The entries below contain a stretch that opens with the line containing "3、铝线缆:2016年由于国" and closes with the line containing "Plan des pistes Kumanoyu Saison 2024/2025"; set down that stretch exactly, both ends included, and nothing else.

Top of Input data

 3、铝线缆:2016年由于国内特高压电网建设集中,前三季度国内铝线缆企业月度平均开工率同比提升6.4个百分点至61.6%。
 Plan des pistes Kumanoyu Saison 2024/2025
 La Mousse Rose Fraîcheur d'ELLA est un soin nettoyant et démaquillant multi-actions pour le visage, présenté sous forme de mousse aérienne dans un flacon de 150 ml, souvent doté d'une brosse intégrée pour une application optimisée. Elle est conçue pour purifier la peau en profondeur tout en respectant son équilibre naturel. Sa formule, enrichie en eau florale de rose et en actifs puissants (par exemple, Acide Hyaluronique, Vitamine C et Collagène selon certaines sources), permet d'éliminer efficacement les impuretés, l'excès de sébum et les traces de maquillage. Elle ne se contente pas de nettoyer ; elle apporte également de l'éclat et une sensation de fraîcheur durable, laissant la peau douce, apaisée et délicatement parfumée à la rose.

Bottom of Input data
Top of Input data

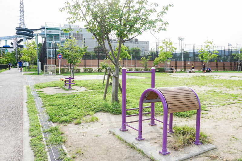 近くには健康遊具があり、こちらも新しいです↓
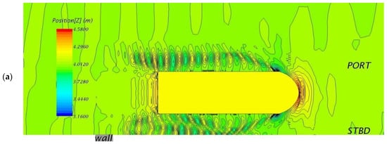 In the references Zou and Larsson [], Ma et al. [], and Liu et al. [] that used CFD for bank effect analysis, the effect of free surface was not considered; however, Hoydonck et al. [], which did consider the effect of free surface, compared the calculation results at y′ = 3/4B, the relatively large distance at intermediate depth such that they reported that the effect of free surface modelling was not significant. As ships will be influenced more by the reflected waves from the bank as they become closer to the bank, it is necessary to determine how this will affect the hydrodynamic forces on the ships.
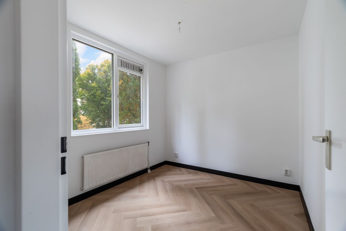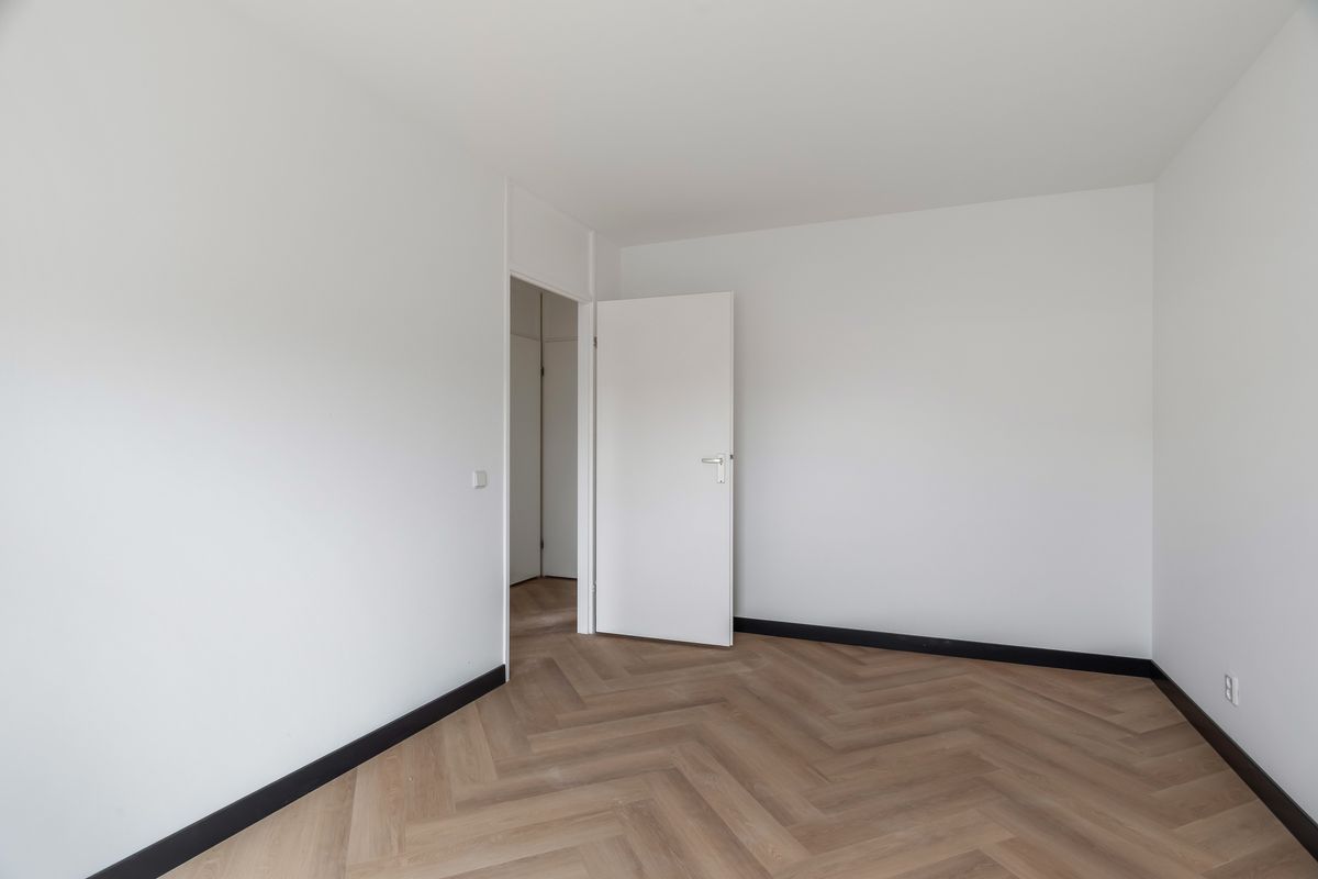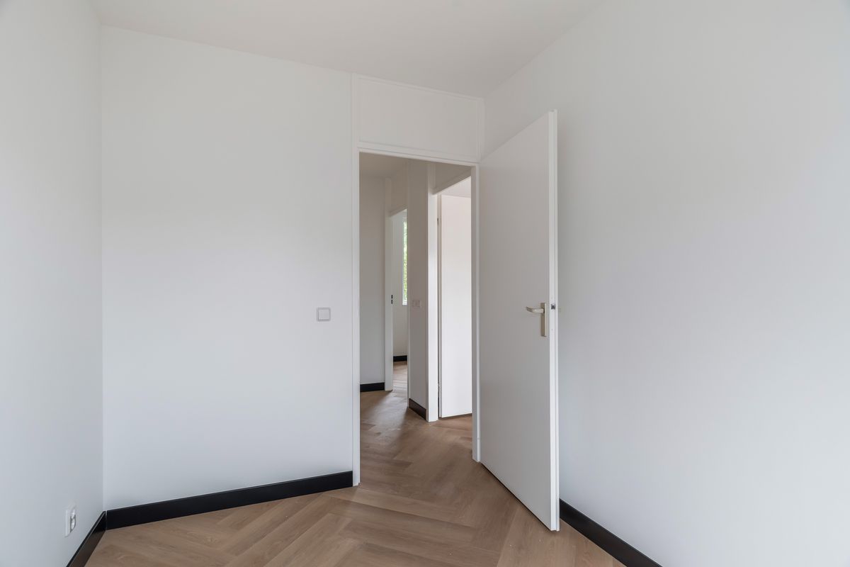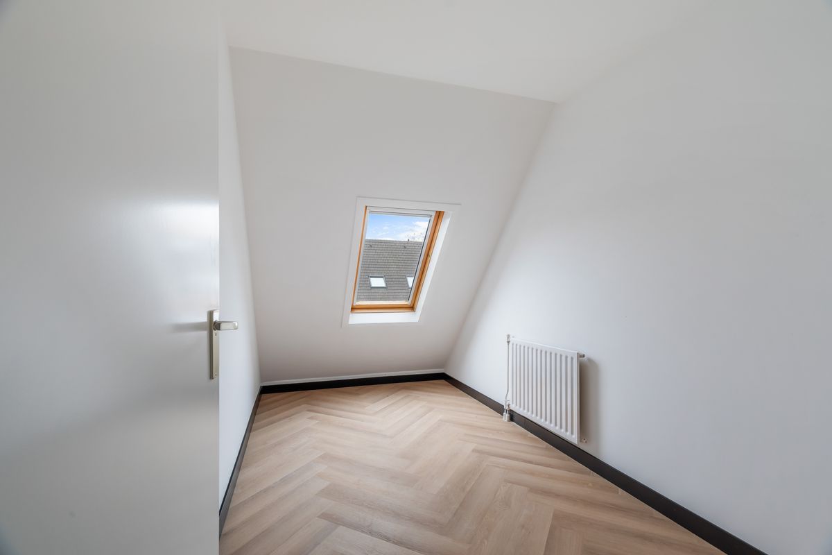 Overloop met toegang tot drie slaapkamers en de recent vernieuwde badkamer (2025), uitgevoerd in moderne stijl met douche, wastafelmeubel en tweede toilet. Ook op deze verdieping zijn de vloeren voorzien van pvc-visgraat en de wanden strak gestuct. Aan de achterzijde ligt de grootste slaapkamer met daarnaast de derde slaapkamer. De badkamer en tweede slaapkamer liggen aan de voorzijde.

Bottom of Input data

## Solution
 3、铝线缆:2016年由于国内特高压电网建设集中,前三季度国内铝线缆企业月度平均开工率同比提升6.4个百分点至61.6%。
 Plan des pistes Kumanoyu Saison 2024/2025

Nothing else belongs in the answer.